- Born: 2 January 1886 Glasgow, Scotland
- Died: 22 June 1957 (aged 71) Cape Town, South Africa
- Allegiance: United Kingdom
- Branch: Aviation
- Rank: Lieutenant
- Unit: No. 48 Squadron RAF
- Awards: Distinguished Flying Cross

= Thomas G. Rae =

Lieutenant Thomas Gillies Rae (2 January 1886 – 22 June 1957) was a Scottish World War I flying ace credited with six aerial victories.
He served with the Royal Flying Corps during World War I and was awarded the Distinguished Flying Cross. He served in Flanders and in Europe. After the war he went to South West Africa and worked in the Administration, Public Works Department, where he later became senior inspector of works in Windhoek until 1945 when he retired to his farm in Grootfontein district. He died in Volka hospital in Cape Town on 22 June 1957 at the age of 72 years. Tribute has been paid to Mr Rae as having contributed a great deal to the development of the Territory. He was a capable officer and did much pioneer work in the South West. He was a great hunter, and in 1928 accompanied Prince Arthur, Duke of Connaught and Strathearn (third son of Queen Victoria and at the time the Governor General) on a three-week hunting trip covering 1,600 miles, and in 1926/7 accompanied the Governor General Alexander Cambridge, 1st Earl of Athlone (third son of Francis, Duke of Teck, brother of Mary of Teck, who was married to Princess Alice of Albany in 1904) on an elephant hunt in South Kaokoveld.

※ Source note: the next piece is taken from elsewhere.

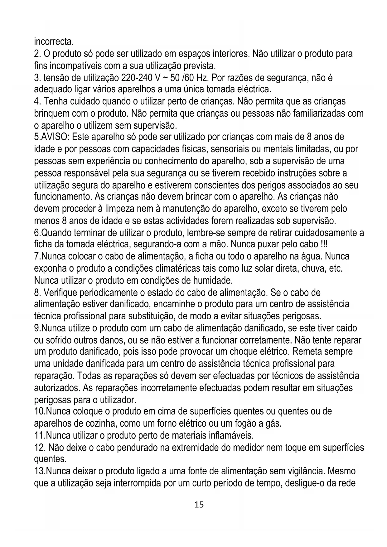 brinquem com o produto. Não permita que crianças ou pessoas não familiarizadas com o aparelho o utilizem sem supervisão. 5.AVISO: Este aparelho só pode ser utilizado por crianças com mais de 8 anos de idade e por pessoas com capacidades físicas, sensoriais ou mentais limitadas, ou por pessoas sem experiência ou conhecimento do aparelho, sob a supervisão de uma pessoa responsável pela sua segurança ou se tiverem recebido instruções sobre a utilização segura do aparelho e estiverem conscientes dos perigos associados ao seu funcionamento. As crianças não devem brincar com o aparelho. As crianças não devem proceder à limpeza nem à manutenção do aparelho, exceto se tiverem pelo menos 8 anos de idade e se estas actividades forem realizadas sob supervisão. 6.Quando terminar de utilizar o produto, lembre-se sempre de retirar cuidadosamente a ficha da tomada eléctrica, segurando-a com a mão. Nunca puxar pelo cabo !!! 7.Nunca colocar o cabo de alimentação, a ficha ou todo o aparelho na água. Nunca exponha o produto a condições climatéricas tais como luz solar direta, chuva, etc. Nunca utilizar o produto em condições de humidade.

Mention must be made that "Tommy" was one of the finest all-round sportsmen that his country ever produced. He started competitive swimming at the age of 11 years, being the youngest to obtain the honour of holding the Western Province Diving Championships for several years undefeated. For five years he competed in the Currie Cup (inter provincial) with the Water Polo Teams (Johannesburg) and represented South Africa many times. He was an outstanding diver and swimmer and used to dive off the cranes at the Cape Town Docks. An outstanding football player, he played in the Currie Cup, Western Province Mother Country vs Colonial born and England vs Scotland. He was an undefeated featherweight boxing champion for four years ending in 1907 and was selected to go to England for trials but was unable due to work commitments and insufficient time to train. "Tommy" won countless other medals and prizes for running, walking, cricket, tennis, golf, billiards, horse riding and lifesaving (actual and theoretical)

Thomas Gillies Rae enlisted at the age of 16, served in the South African War with the Imperial Light Horse Campaign Regiment and then the Royal Flying Corps where he was awarded the D.F.C in France as a lone fighter pilot, being "cool, calm and fearless"

==His victories==
Rae piloted a two-seater Bristol F.2 Fighter for 48 Squadron. In the month from 4 October to 4 November 1918, he defeated six Fokker D.VII fighters. One he had set on fire, four more were destroyed, and one was driven down out of control. At least four of these victories were credited to his front gun.